* _What is being asked_: For this exercise, restate every line below word for word and drop the images.

* _Data_:

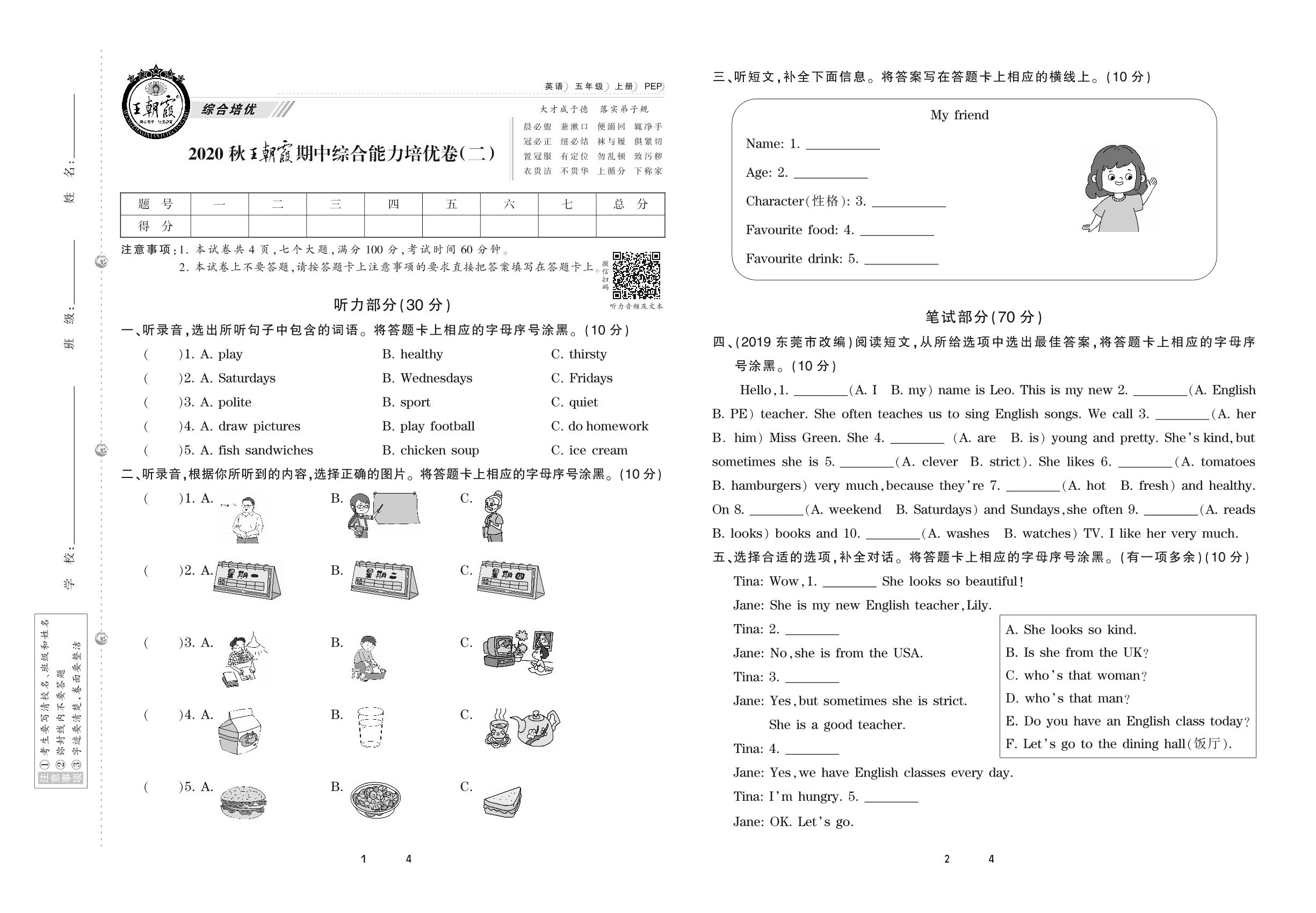 2020上册五年级英语PEP版 王朝霞期中综合能力培优卷(二)
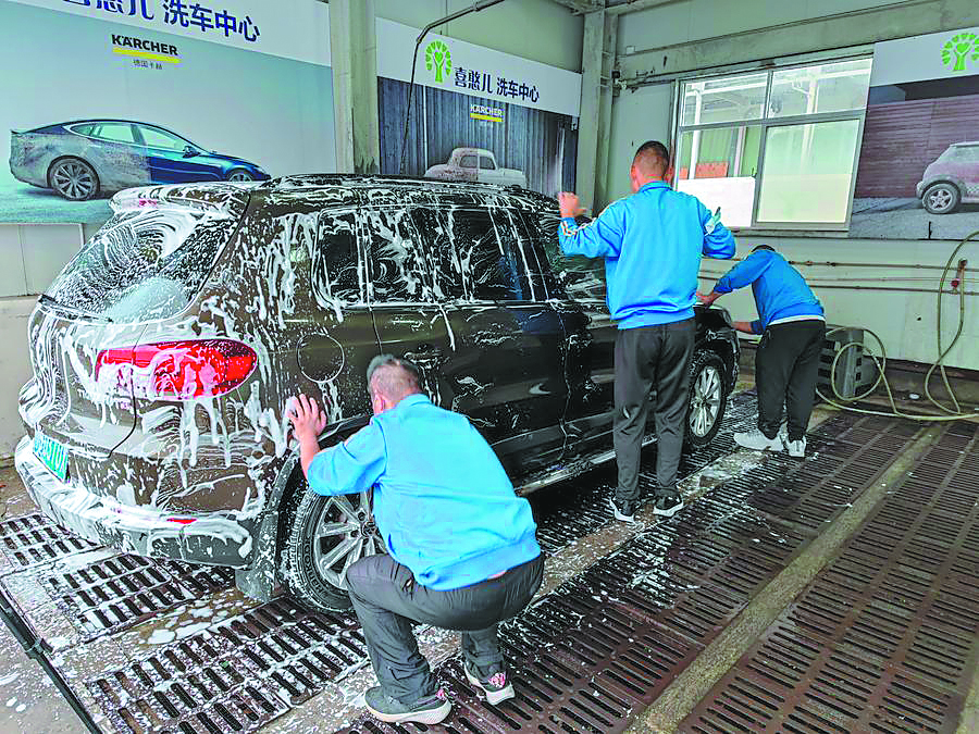 SHENZHEN — At a car wash nestled within the bustling city of Shenzhen, a group of employees start their day at 8 am with a self-devised routine. They spray water, work up a foamy lather and sway to the beat of lively music, treating the task of washing cars as if it were a delightful game.
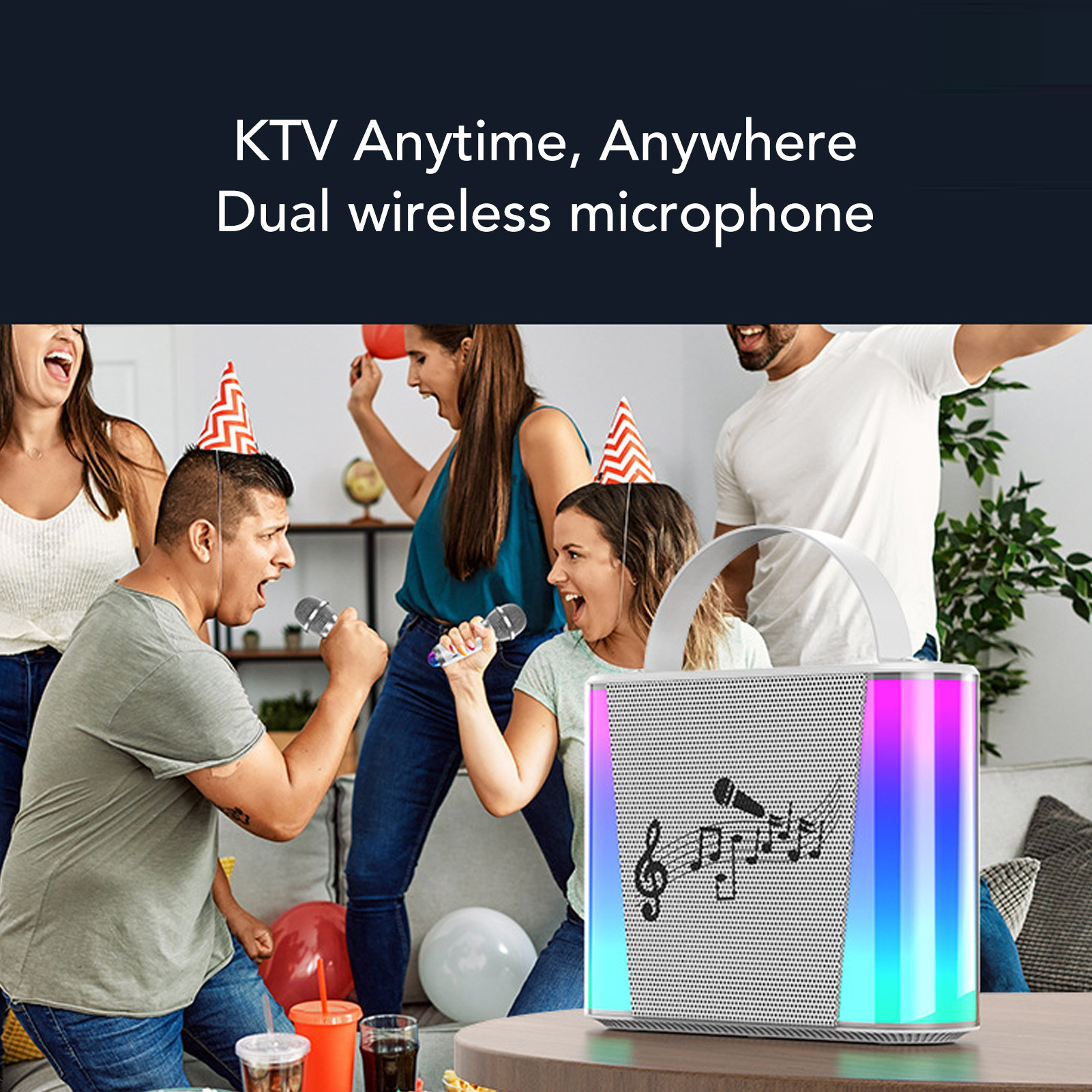 Kids Karaoke Machine Wireless Bluetooth Mini Karaoke Microphone Singing Speaker for Home White Double Mic

* _Exercise response_:
 2020上册五年级英语PEP版 王朝霞期中综合能力培优卷(二)
 SHENZHEN — At a car wash nestled within the bustling city of Shenzhen, a group of employees start their day at 8 am with a self-devised routine. They spray water, work up a foamy lather and sway to the beat of lively music, treating the task of washing cars as if it were a delightful game.
 Kids Karaoke Machine Wireless Bluetooth Mini Karaoke Microphone Singing Speaker for Home White Double Mic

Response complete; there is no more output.